2

How do I read the first non-empty line from a text file, in plain javascript, possibly by using a new FileReader()?

I wish to get only the first non-empty line, not the whole text in the file (which might be enormous). By "non-empty line" I mean a line ending with \r\n and containing some non-blank char.

One of my practical goals could be to pick the first "good" line in a huge CSV file, to possibly get the "headers" (names of variables of the dataset).

The file I wish to read is now locally on my hard disk, but when the script is ready, I would also like to put it online on my domain along with the script to process it.

Thank you!

  • 1
    What form do you have the file in? Is it a `File` object, or are you retrieving it via `fetch` or something? They have different methods of getting the file content as text, which is what you'll want to do, then split the string on line breaks and then walk through the array of lines until you find a line that matches your criteria. – Mark Hanna Oct 08 '21 at 00:45
  • 1
    @Mark Hanna I have it in the form of a huge CSV file containing data. I wish to get only the headers' line. Reading the entire dataset would be useless at this stage. I would like some functionality to read 1 line at a time from a file, without loading it all in memory. The file is on my hard disk, but later I will wish to put it online with the JS script and be able to execute the same task. –  Oct 08 '21 at 00:49
  • Hmm, I don't know of any way to do that in JavaScript. You may need some custom back end code that can deal more directly with the file system, and have read only the first part of your file and then perhaps let that be requested via an API. I'm not sure how much control you have over your back end system though. – Mark Hanna Oct 08 '21 at 00:51
  • 1
    @Mark Hanna I think I will have full control, because the data file is either on my PC, or I will put it online with the JS script to read it, on my own domain. I guess I would need some sort of reaLine() functionality, which is usually in any textFileReader of various languages. –  Oct 08 '21 at 00:53

2 Answers2

0

I think you want something kinda like this:

fs = require('fs')
fs.readFile('/testFile.csv', 'utf8', function (err,data) {
  if (err) {
    return console.log(err);
  }
    var firstLineRegEx = /^(.*)$/m
    var csvHeader = firstLineRegEx.exec(data)
});
  • Thank you. Is this javascript ? what is require() ? I want to make sure I am not loading the entire monster file, but just one line (or the smallest possible chunk of data, anyway) –  Oct 08 '21 at 01:54
  • @James You should probably mention that this is using Node.js – solarshado Oct 08 '21 at 02:04
0

Assuming you want to stick to client-side/in-browser JavaScript (as opposed to node.js), there's not really a way to open a file and read it line-by-line; that would require a level of direct filesystem access that's simply not available. You can certainly process it line-by-line, once it's fully-loaded and you've split it into lines.

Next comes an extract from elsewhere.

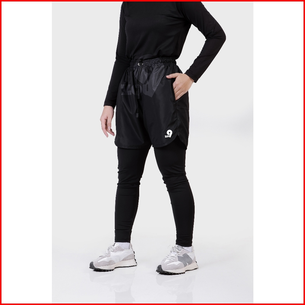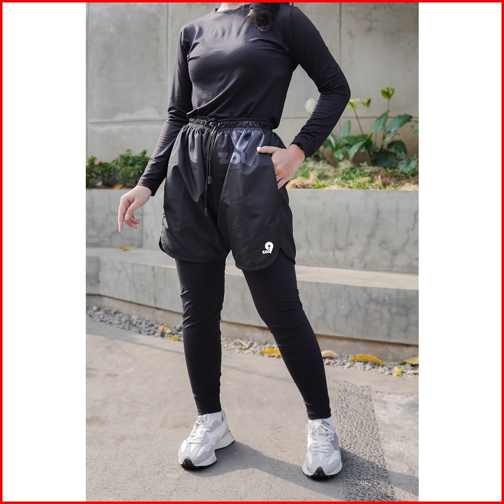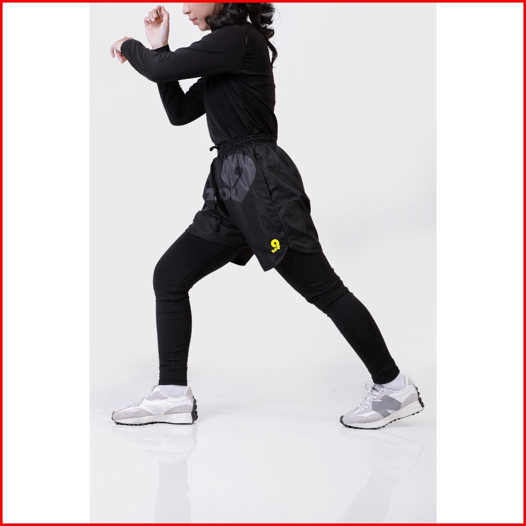 Celana Running Pendek Olahraga Wanita 2 In 1 Legging Panjang Gym Senam Zumba

If you want to be sure that you only ever load the first line in the browser, you'll need some server-side code for that. Node.js may or may not be a good option, depending on your existing web site.

The FileReader API you mentioned looks like it's geared towards handling arbitrary, user-provided files, which is probably the wrong direction if you'll always be in control of what file to load.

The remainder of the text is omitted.